Saved data entries:
------
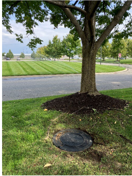
WAT067002 59 & Airport Wilmont Relief
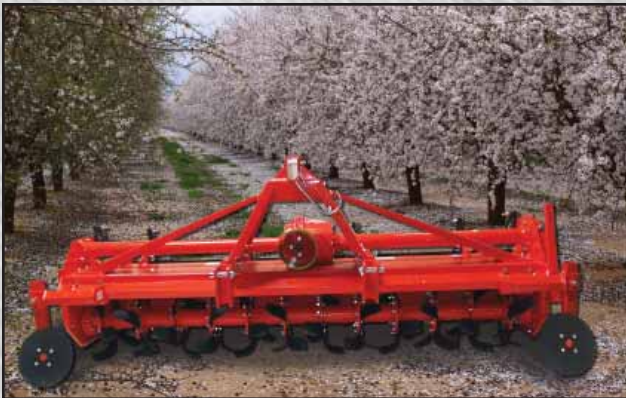
TILLER WITH OPTIONAL CUTTING DISCS

The all-in-one implement that tills, weeds, levels, incorporates pruning chips, reduces compaction, and lightly firms the soil. Tractors make many passes in the orchard throughout the year with even heavier equipment, which can cause deeper ruts and compaction. Our T Series Orchard Incorporators leave the soil in a smooth and level condition which improves appearance and helps prevent future floor damage.
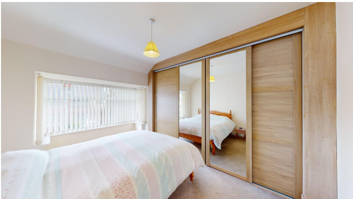
Bedroom one is located to the front of the property is of double proportions and benefits from having spacious fitted wardrobes running the length of the bedroom.
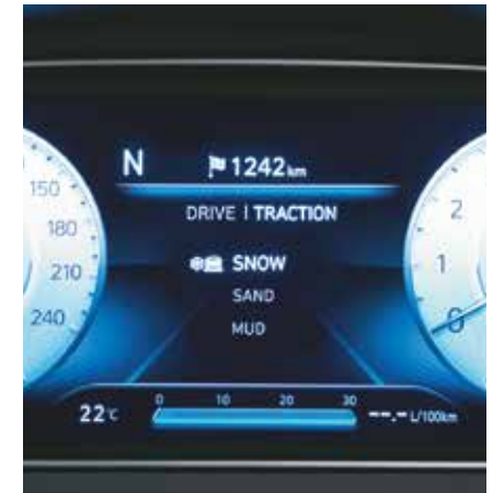
Traction control modes
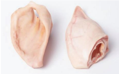
Ears. Price per MT $ 2350
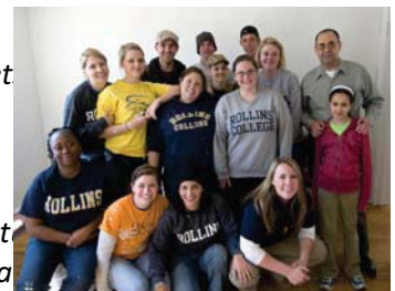
(right) Our furthest traveling volunteer group – students from Rollins college came all the way from Florida to paint at Broadway
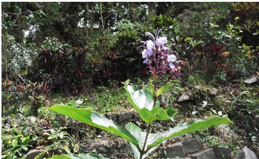
Figure 2: Floral Morphology of Clerodendrum serratum (L.) Moon (62).
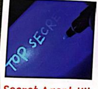
Secret Agent Kit
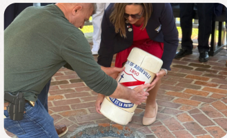
Time Capsule Ceremony City buried the time capsule as part of the City's 176th anniversary of incorporation.
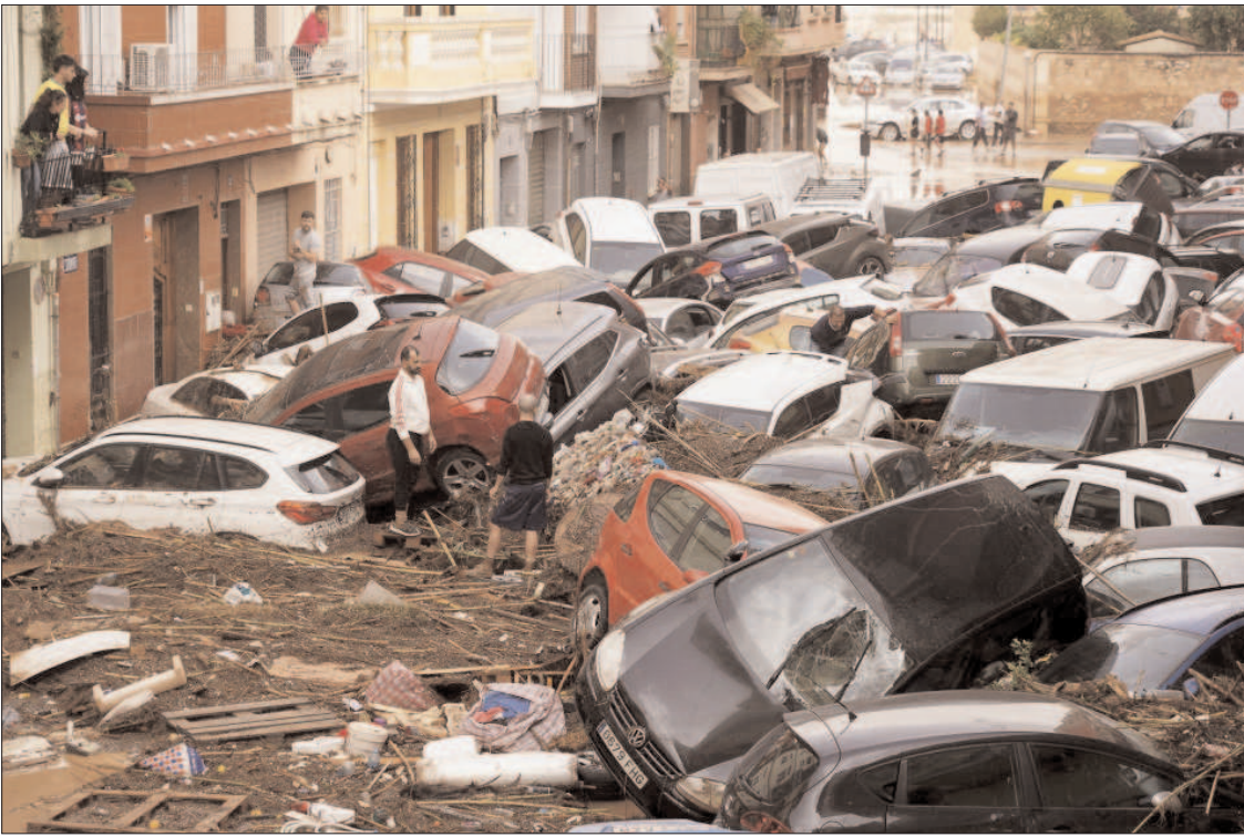
VALENCIA: Residents look at cars piled up after being swept away by floods in Valencia, Spain.

The storms also unleashed a rare tornado and a freak hailstorm that punched holes in car windows and greenhouses. Transport was also affected. A high-speed train with nearly 300 people on board derailed near Malaga, although rail authorities said no one was hurt. High-speed train service between Valencia city and Madrid was interrupted, and the transport ministry said it could take up to four days to restore highspeed service to the capital due to the damage done to the line. Bus and commuter rail lines were likewise interrupted. Many flights were cancelled Tuesday night, stranding some 1,500 people overnight at Valencia's airport. Flights resumed Wednesday.
------
* _Problem to solve_: Single out each line of the records above with the string "Valencia" in it, and copy it.

* _Exercise response_:
VALENCIA: Residents look at cars piled up after being swept away by floods in Valencia, Spain.
The storms also unleashed a rare tornado and a freak hailstorm that punched holes in car windows and greenhouses. Transport was also affected. A high-speed train with nearly 300 people on board derailed near Malaga, although rail authorities said no one was hurt. High-speed train service between Valencia city and Madrid was interrupted, and the transport ministry said it could take up to four days to restore highspeed service to the capital due to the damage done to the line. Bus and commuter rail lines were likewise interrupted. Many flights were cancelled Tuesday night, stranding some 1,500 people overnight at Valencia's airport. Flights resumed Wednesday.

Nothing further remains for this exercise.